● **TASK REQUIREMENTS**: With the images removed, repeat the data below exactly.

● **THE DATA**:
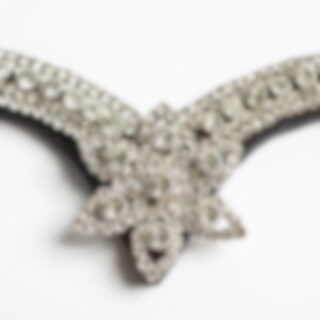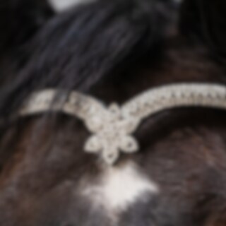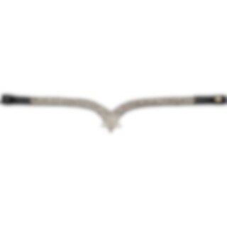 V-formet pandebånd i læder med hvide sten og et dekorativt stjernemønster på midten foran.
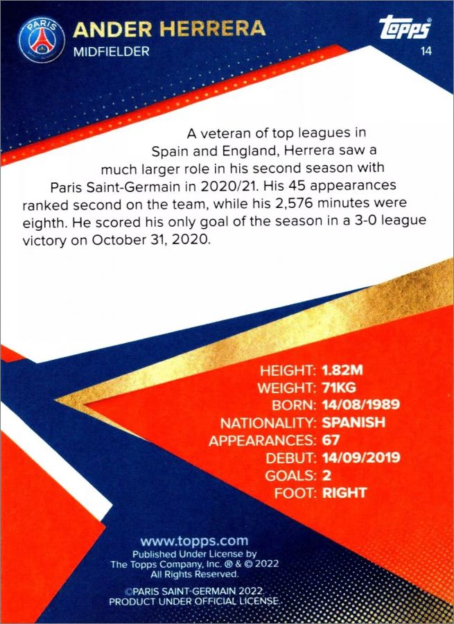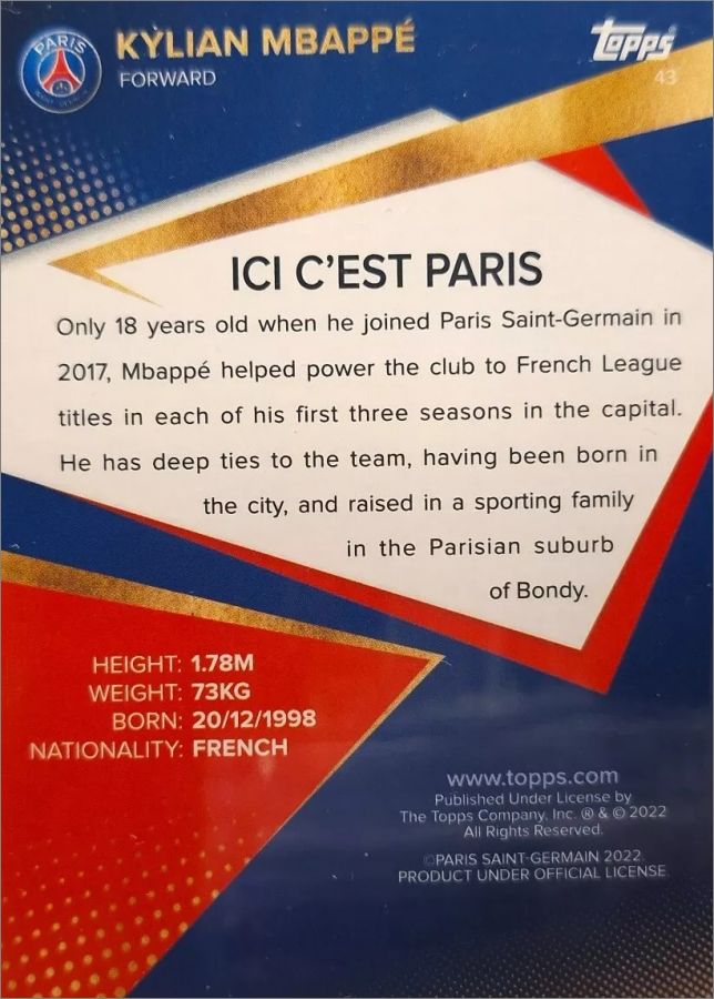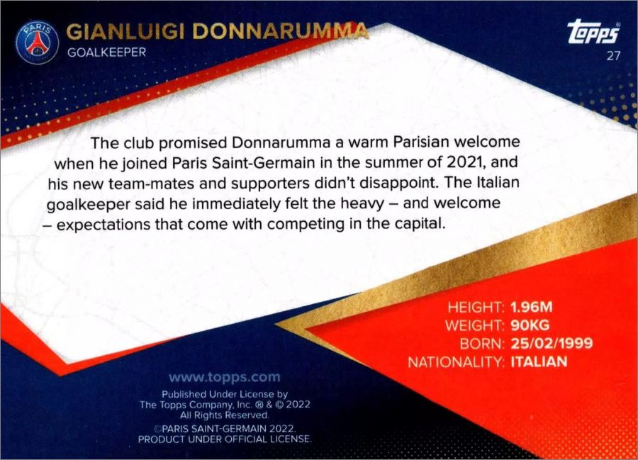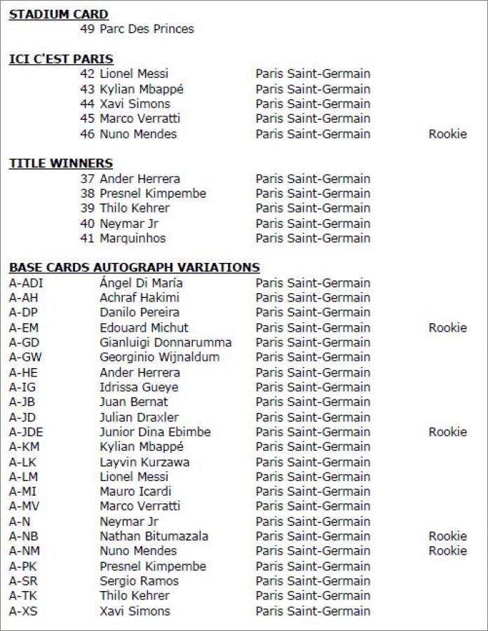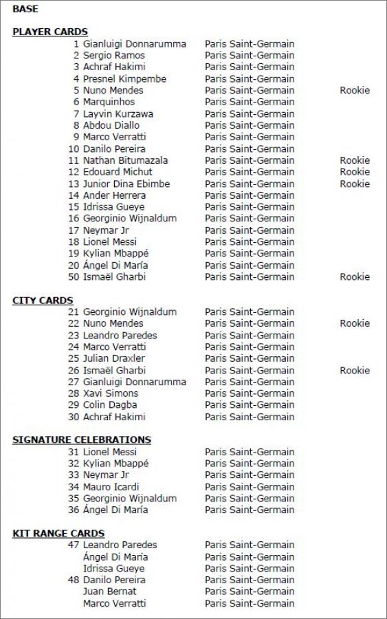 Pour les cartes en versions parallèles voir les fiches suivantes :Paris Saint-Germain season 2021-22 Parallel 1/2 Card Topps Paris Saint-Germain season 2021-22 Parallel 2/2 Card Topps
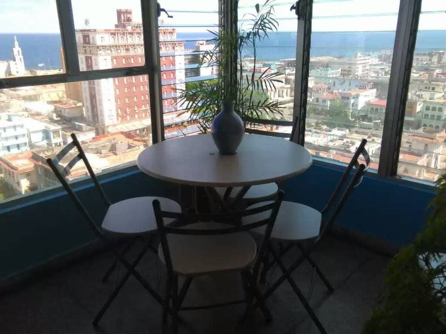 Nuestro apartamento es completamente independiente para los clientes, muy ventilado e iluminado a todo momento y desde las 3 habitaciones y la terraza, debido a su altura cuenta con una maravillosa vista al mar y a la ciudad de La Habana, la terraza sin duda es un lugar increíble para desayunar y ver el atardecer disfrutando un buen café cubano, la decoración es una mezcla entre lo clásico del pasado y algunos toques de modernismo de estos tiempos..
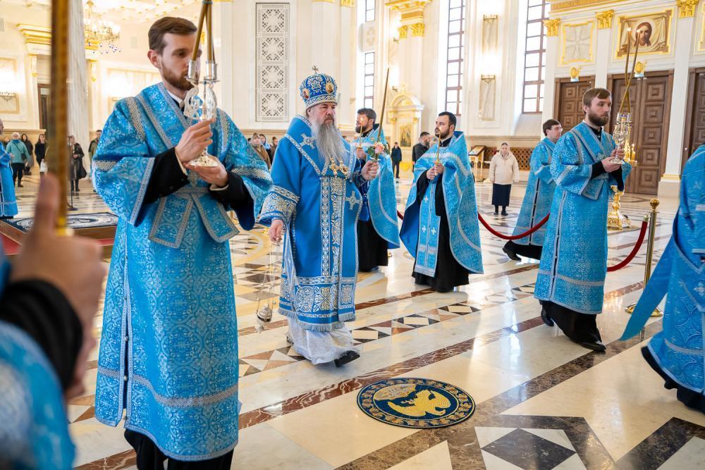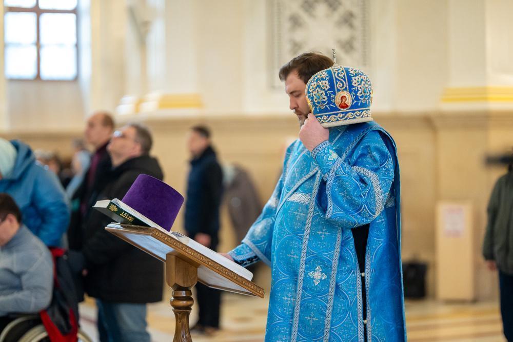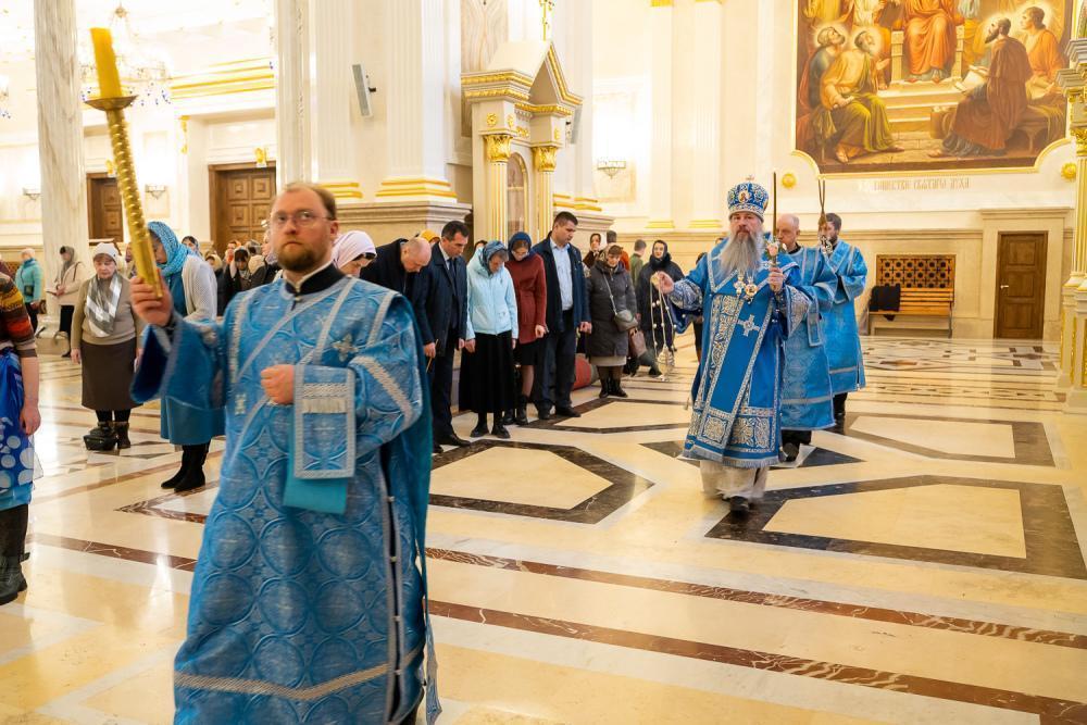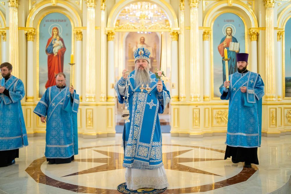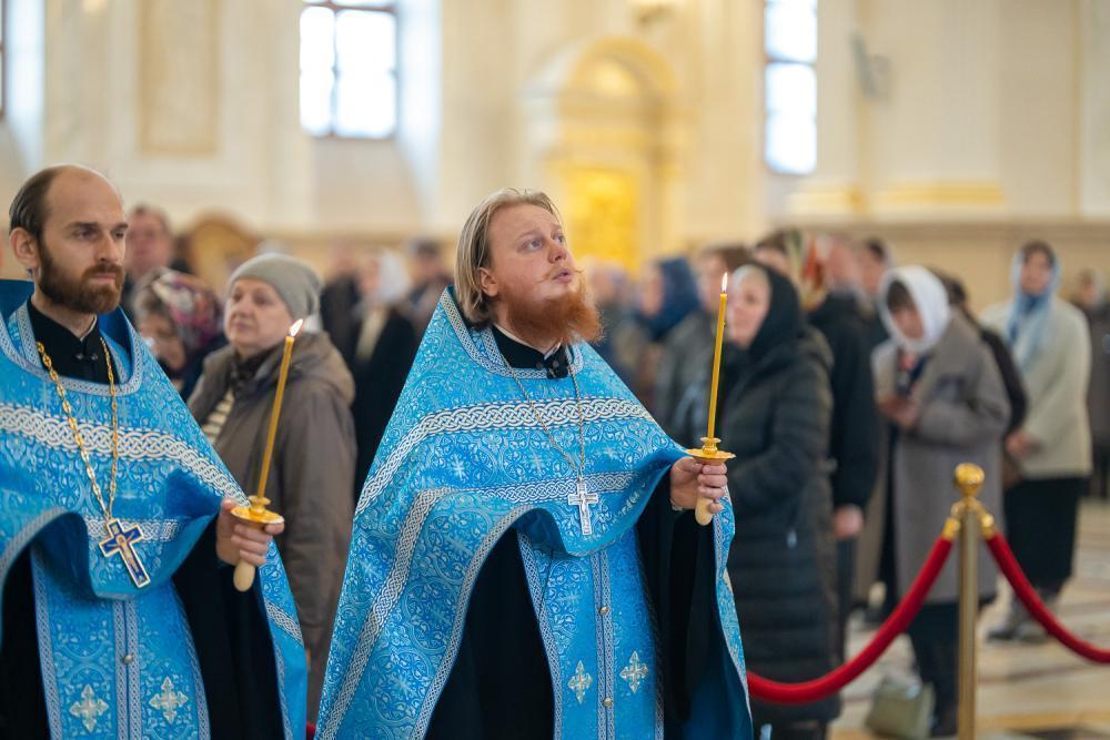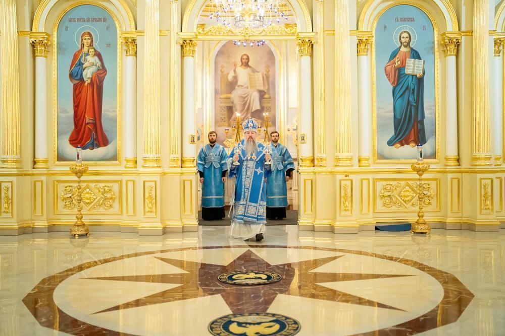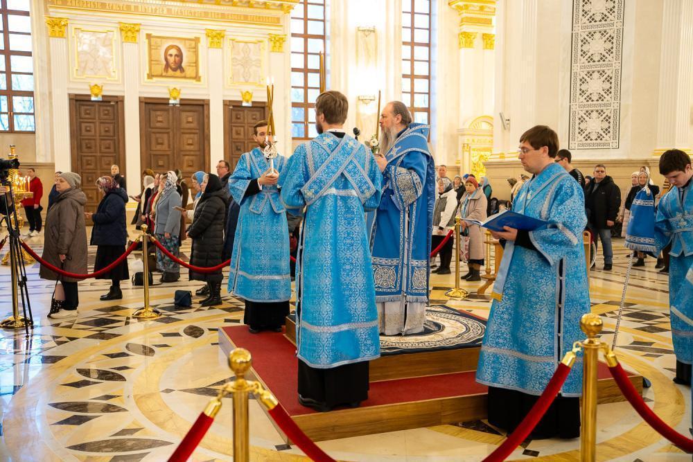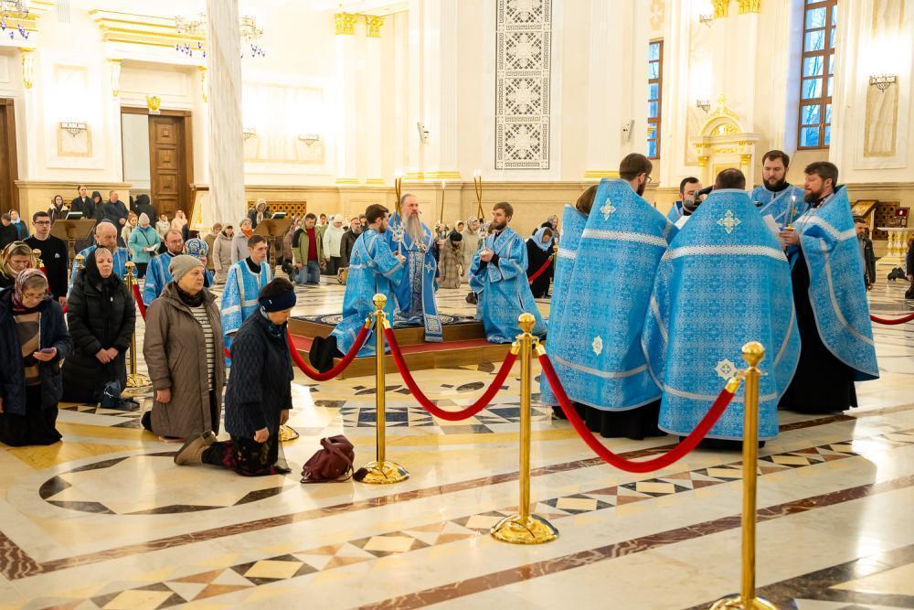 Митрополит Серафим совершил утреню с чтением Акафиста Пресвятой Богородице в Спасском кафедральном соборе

● **ANSWER TO THIS TASK**:
 V-formet pandebånd i læder med hvide sten og et dekorativt stjernemønster på midten foran.
 Pour les cartes en versions parallèles voir les fiches suivantes :Paris Saint-Germain season 2021-22 Parallel 1/2 Card Topps Paris Saint-Germain season 2021-22 Parallel 2/2 Card Topps
 Nuestro apartamento es completamente independiente para los clientes, muy ventilado e iluminado a todo momento y desde las 3 habitaciones y la terraza, debido a su altura cuenta con una maravillosa vista al mar y a la ciudad de La Habana, la terraza sin duda es un lugar increíble para desayunar y ver el atardecer disfrutando un buen café cubano, la decoración es una mezcla entre lo clásico del pasado y algunos toques de modernismo de estos tiempos..
 Митрополит Серафим совершил утреню с чтением Акафиста Пресвятой Богородице в Спасском кафедральном соборе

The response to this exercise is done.